No, it had been fully a demonstrative pronoun. Nothing pseudo- about it.
> To say something like "the woman who had been taught", you can simply use the
> feminine article with a participle: "he: pepaideumene:". (Literally, "the
> one (feminine) having been taught (perfect ptcple).) Makes for nice,
> compact sentences! :-)
Indeed, this is an aspect of Greek I have long found quite beautiful...
> I'd love to know what different ways people have
> come up with when creating a derived conlang.
Mark Rosenfelder has done a lot of work on the languages related to
his Verdurian. If you're interested to see how he did it, go to
and go to the section about Virtual Verduria.
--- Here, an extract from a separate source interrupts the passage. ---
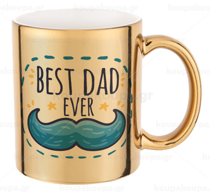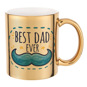 Best dad ever μπλε μουστάκι, Mug ceramic, gold mirror, 330ml

> The conlang I'm working on now is intended to be an old ancestral
> language, mainly for old manuscripts, etc.; I'm just wondering what other
> ways (besides sound change and slight grammatical alterations) people have
> come up with for deriving new conlangs from ancestral ones.
Well, my active project, Phaleran, derives from Tlaspi, a trader language.
I've only really worked on the phonological shifts: Tlaspi's three phoneme
inventory of /i u a/ doubles by acquiring phonemic length, which is a shift
common to all Tlaspian languages; Phaleran innovates further, by developing
allophonic [e] and [o], and then further makes these phonemic, later. It
also absorbs a whole raft of glottalic consonants from C'ali [ts'ali], a Non-
Tlaspian language that rose to preeminence at one point.
> On a related note, I find it interesting that most of the time, languages
> tend to simplify themselves rather than develop new structures,
> My theory is that widespread acceptance of a language usually causes it to
> "degrade" or "simplify", losing a lot of old constructs in the process.
> But I've yet to come up with a plausible explanation for languages
> becoming *more* complex as they evolve.
Not really. If all languages simplified, that would beg the question: "How
complicated would the original ancestor language have to be?" After at
least 100k years of language, the ancestor would have to be virtually
infinitely complex to allow the kinds of complexity that we see in today's
Moreover, in languages with extremely long written records, like Egyptian,
you can actually *see* the language cycling through predominantly fusional,
then isolating and then agglutinating, where the complexity of the language
shifts from syntax to morphology and back again.
Tom Wier | "Cogito ergo sum, sed credo ergo ero."